The three biggest influencing factors on the Burgess Hill (and
UK) property market in the latter half of the 20th Century were,
firstly, the mass building of Council Housing in the 1950’s and 60’s. Secondly,
for the Tory’s to sell most of those Council Houses off in the 1980’s and
finally 15% interest rates in the early 1990’s which resulted in many houses being
repossessed. It was these major factors that underpinned the housing crisis we
have today in Burgess Hill.
To start with, in 1995 the USA relaxed its lending rules by rewriting the
Community Reinvestment Act. This Act saw a relaxation on the Bank’s lending
criteria’s as there was pressure on these banks to lend on mortgages in low
wage neighbourhoods, as the viewpoint in the USA was that anyone (even someone on
the minimum wage) any working class person should be able to buy a home.
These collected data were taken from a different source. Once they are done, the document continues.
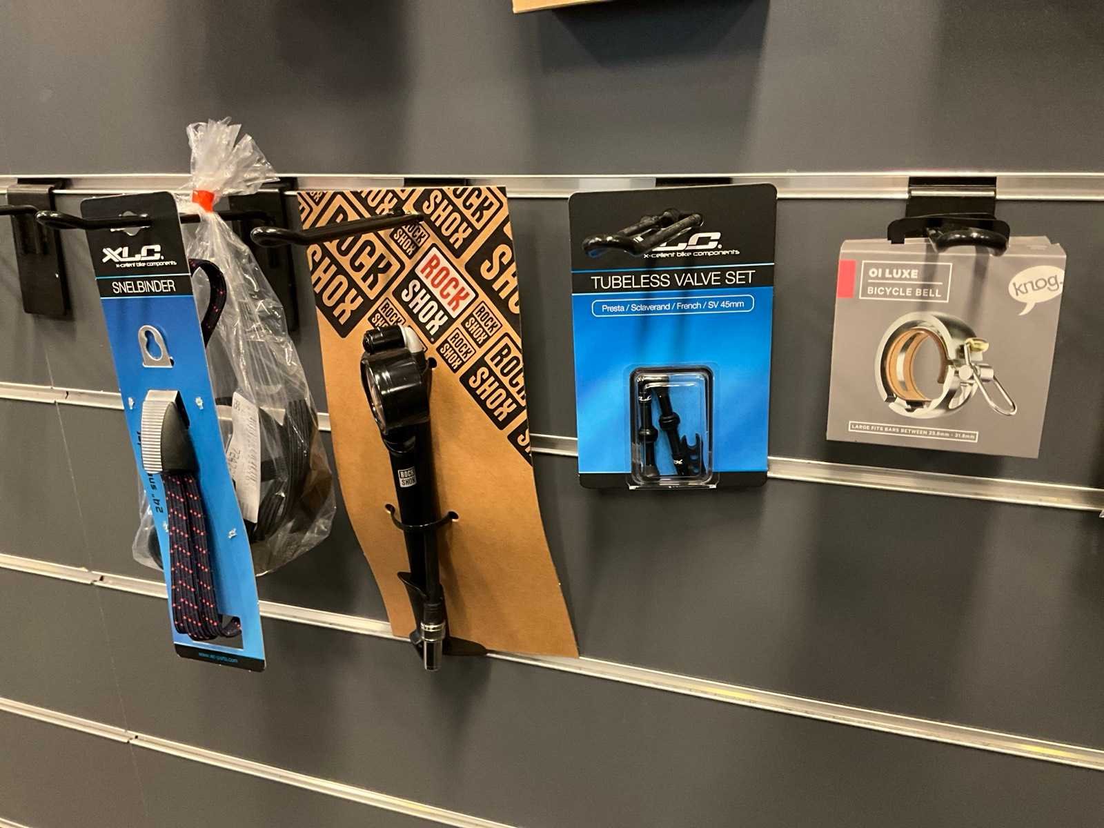 Bestaande uit: HideMyBell regular 2, Raceday 4 EVO, RockShox pomp, ventiel nippels, Basil zadeltas, etc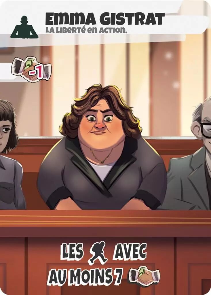 Le verdict final dépend du total d’années de prison accumulées par les preuves encaissées et les jurés posés. Chaque partie est rythmée, tendue et drôle, avec une forte rejouabilité grâce aux talents asymétriques des crapules et aux nombreux jetons Balance offrant des effets uniques.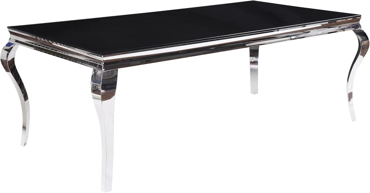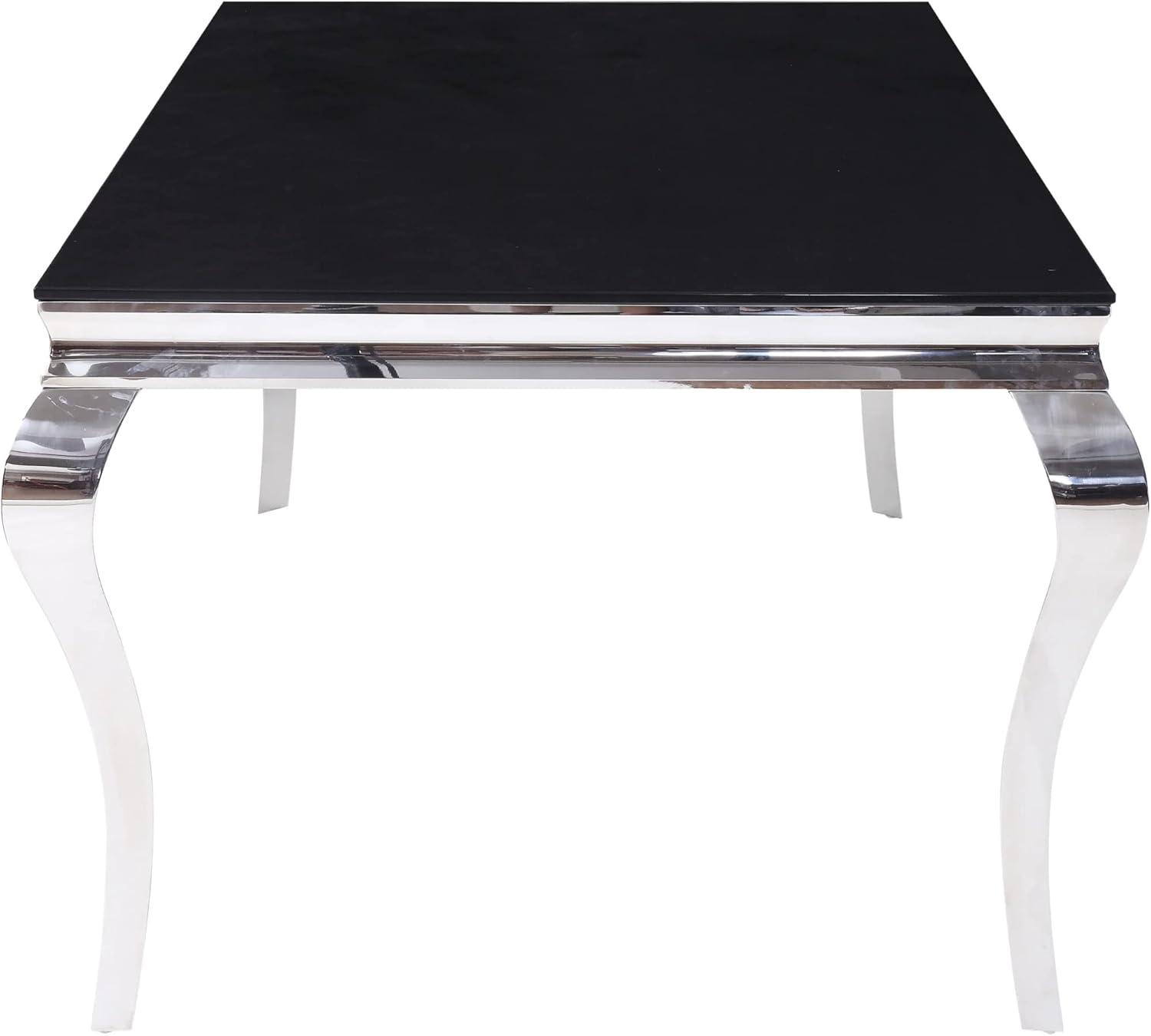 Fabiola Dining Table in Stainless Steel & Black Glass 62070

Unsurprisingly, the UK followed suit in the
early 2000’s, as Banks and Building Society’s relaxed their lending criteria
and brought to the market 100% mortgages, even Northern Rock started lending
every man and his dog 125% mortgages.
So when we roll the clock forward to today, and we can observe
those very same footloose banks from the early/mid 2000’s (that lent 125% with a just note from your Mum and a couple of breakfast
cereal tokens), ironically reciting the Bank of England backed hymn-sheet
of responsible-lending. On every first time buyer mortgage application, they are
now looking at every line on the 20-something’s banks statements, asking if
they are spending too much on socialising and holidays. No wonder these Millennials
are afraid to ask for a mortgage (as more often than not after all that – the
answer is negative).
Conversely, you have unregulated Buy to Let mortgages. As long
as you have a 25% deposit, have a pulse, pass a few very basic yardsticks and
have a reasonable job, the banks will literally throw money at you. I mean
Virgin Money is offering 2.99% fixed for 3 years – so cheap!